> _Your instructions_
Starting at the top of the records below and ending with the line that contains "مشروعي هو إنشاء", print each line exactly as written, skipping the pictures.

*** Supplied records

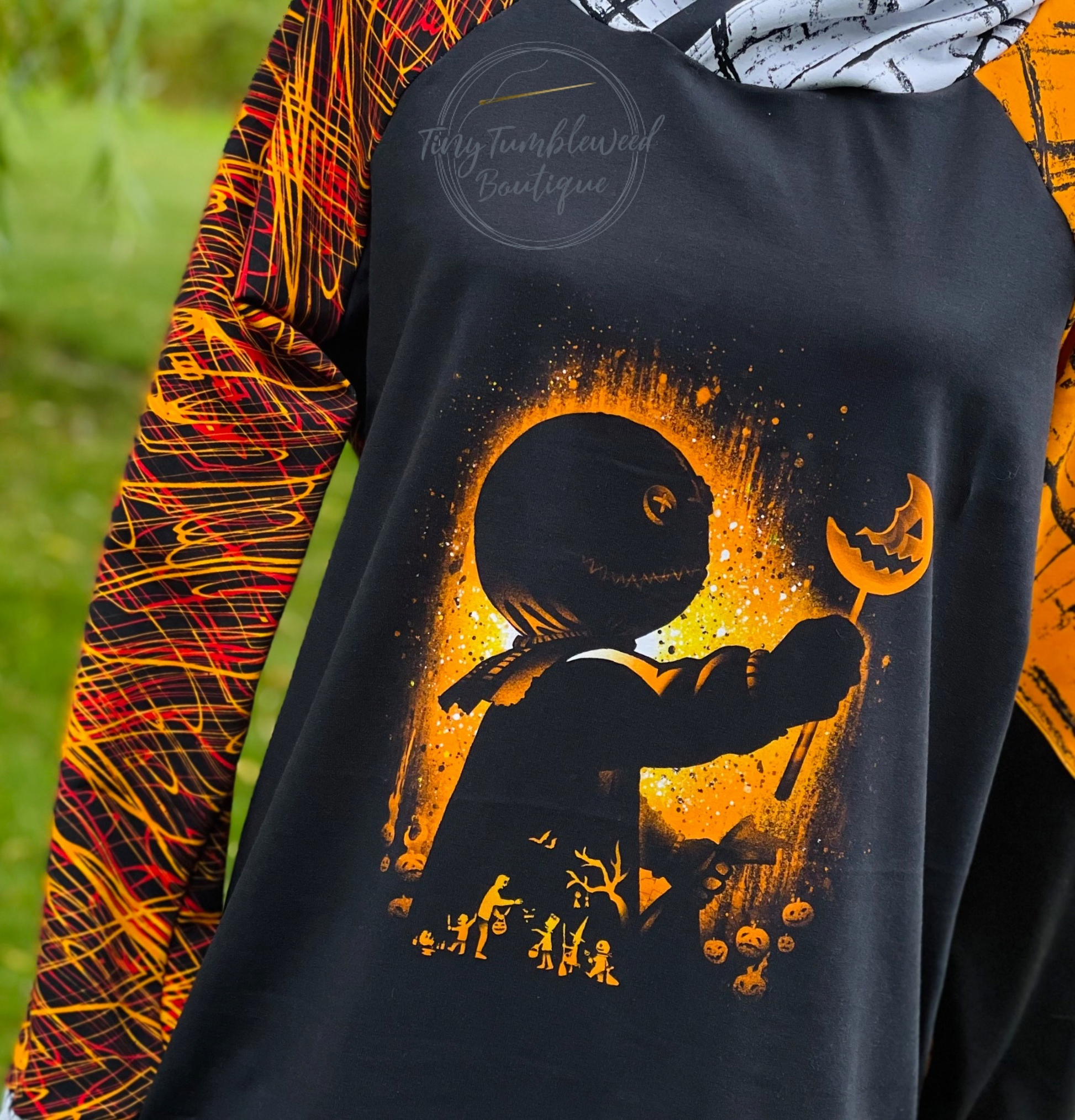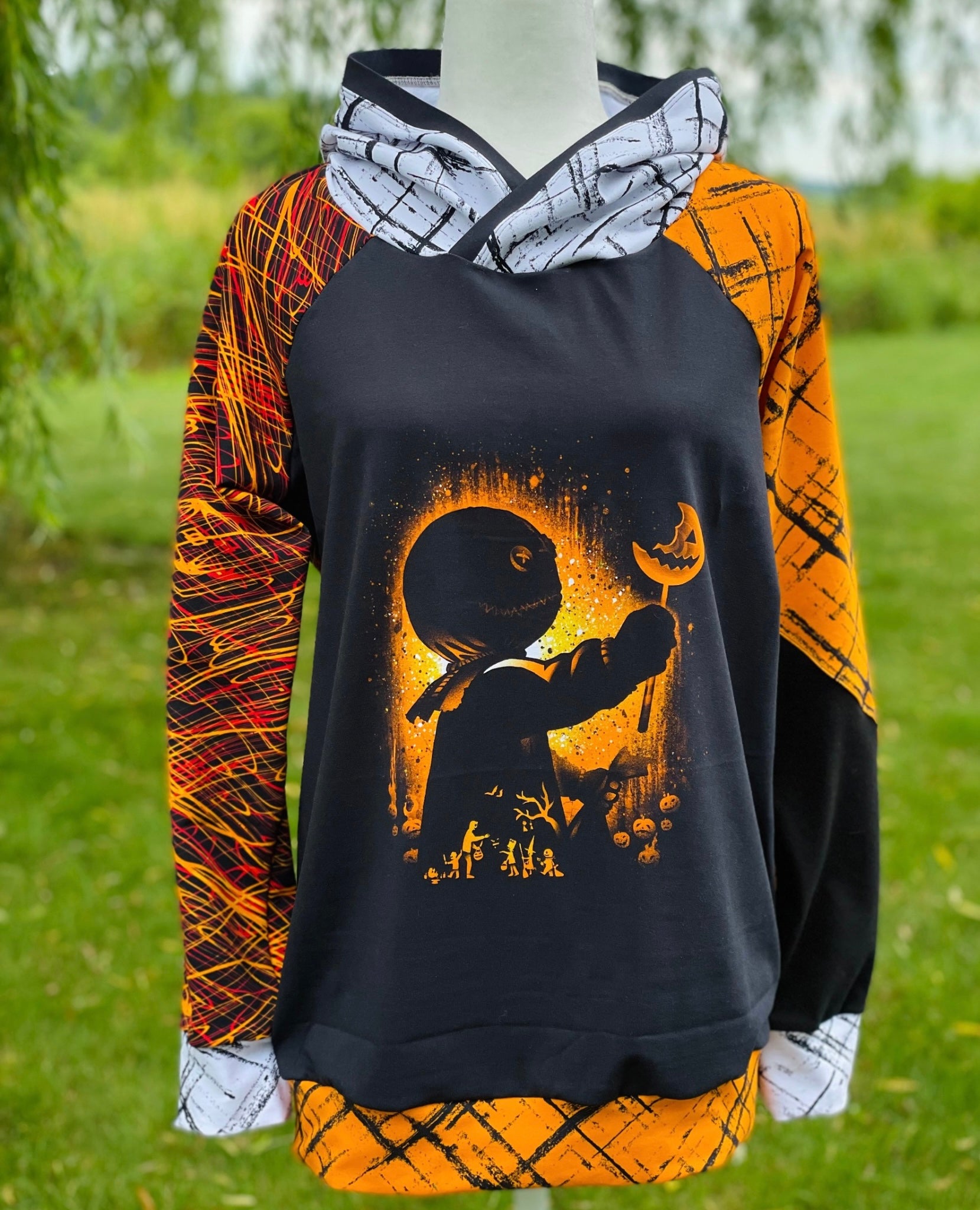 This fabulous hoodie features a favorite of spooky season. . The hoodie is made of high quality, super-soft cotton spandex and is thin enough for warmer climates, but comfortable enough for layering in colder climates.
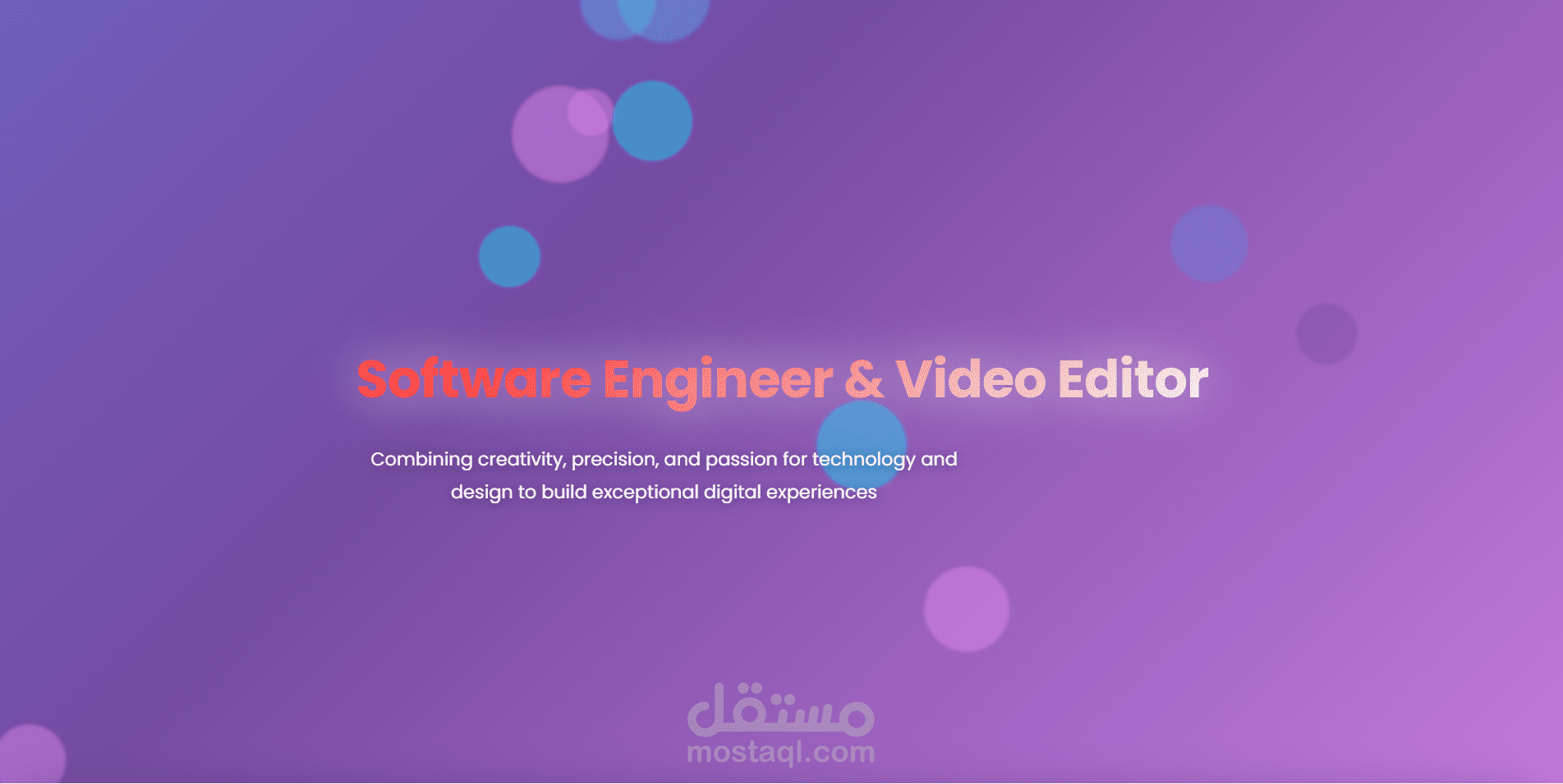 مشروعي هو إنشاء بورتفوليو شخصي تفاعلي يجمع بين البساطة والجمال، ويُظهر مهاراتي كمطور برمجيات ومحرر فيديو بطريقة عصرية ومميزة.
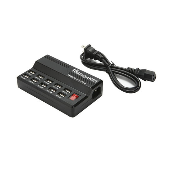 This is a practical USB charger with 10 ports. It comes with a durable housing in black. This charger is completed with a detachable cable for a perfect finish.
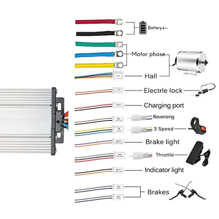 *【12Mosfet 30A Brushless Motor Controller】- The Motor Kit include 12MOS 30A Speed Controller, BLDC Motor Controller with high Quality Material, is enough for the Motor, with Hall 3-Speed Reverse Throttle Charging e-Braking Power lock Light Functions etc.
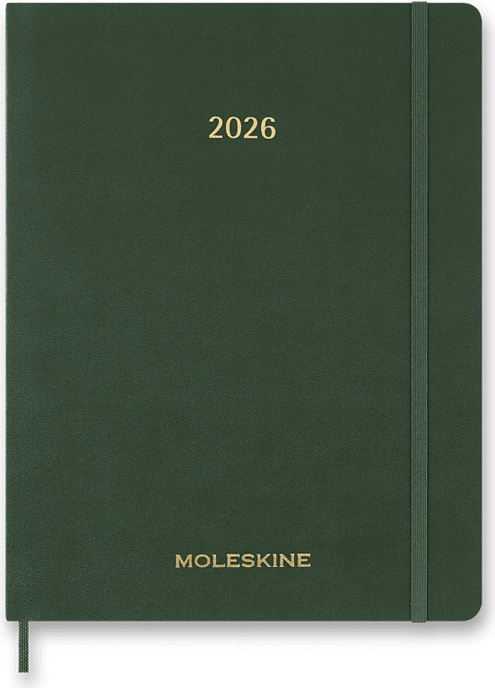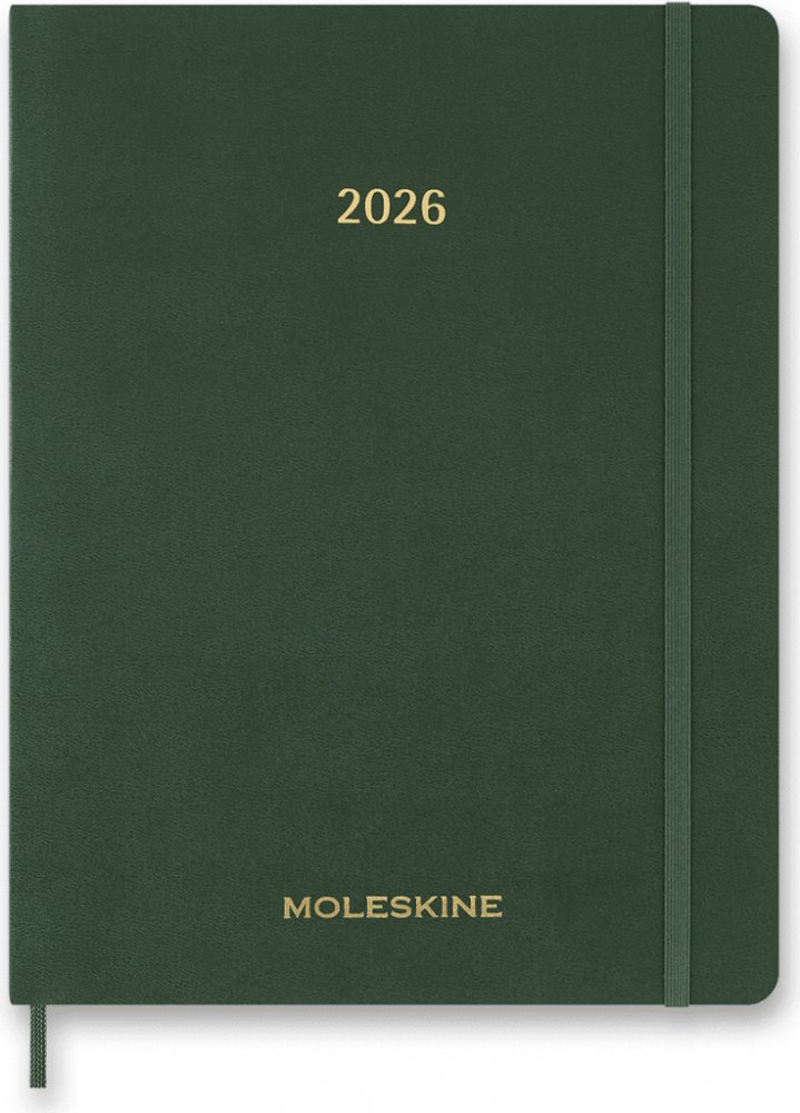 15měsíční diář Moleskine Essential, kalendář od října 2025 do konce prosince 2026. Týden je zde zobrazen vertikálně na dvou stránkách s hodinovými úseky od 7 do 20 hodin ve všední dny a víkendy bez časového omezení.
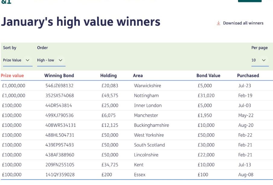 NS&I’s published list of recent big prize winners (between £5,000 and £1 million) includes a £100,000 bond in Surrey (bond 612KM324421, Jan-25) and several £5,000 winners: bond 632RE480900 in Lincolnshire (Jul-25); bond 84HE335996 in Essex (Nov-00); bond 228ME129557 in Hertfordshire (Aug-14); and bond 206AM939741 in Shropshire (May-13). Earlier in the year, a Suffolk holder won a £1 million prize on a bond numbered 570QM451332.

******

> _Answer box_
 This fabulous hoodie features a favorite of spooky season. . The hoodie is made of high quality, super-soft cotton spandex and is thin enough for warmer climates, but comfortable enough for layering in colder climates.
 مشروعي هو إنشاء بورتفوليو شخصي تفاعلي يجمع بين البساطة والجمال، ويُظهر مهاراتي كمطور برمجيات ومحرر فيديو بطريقة عصرية ومميزة.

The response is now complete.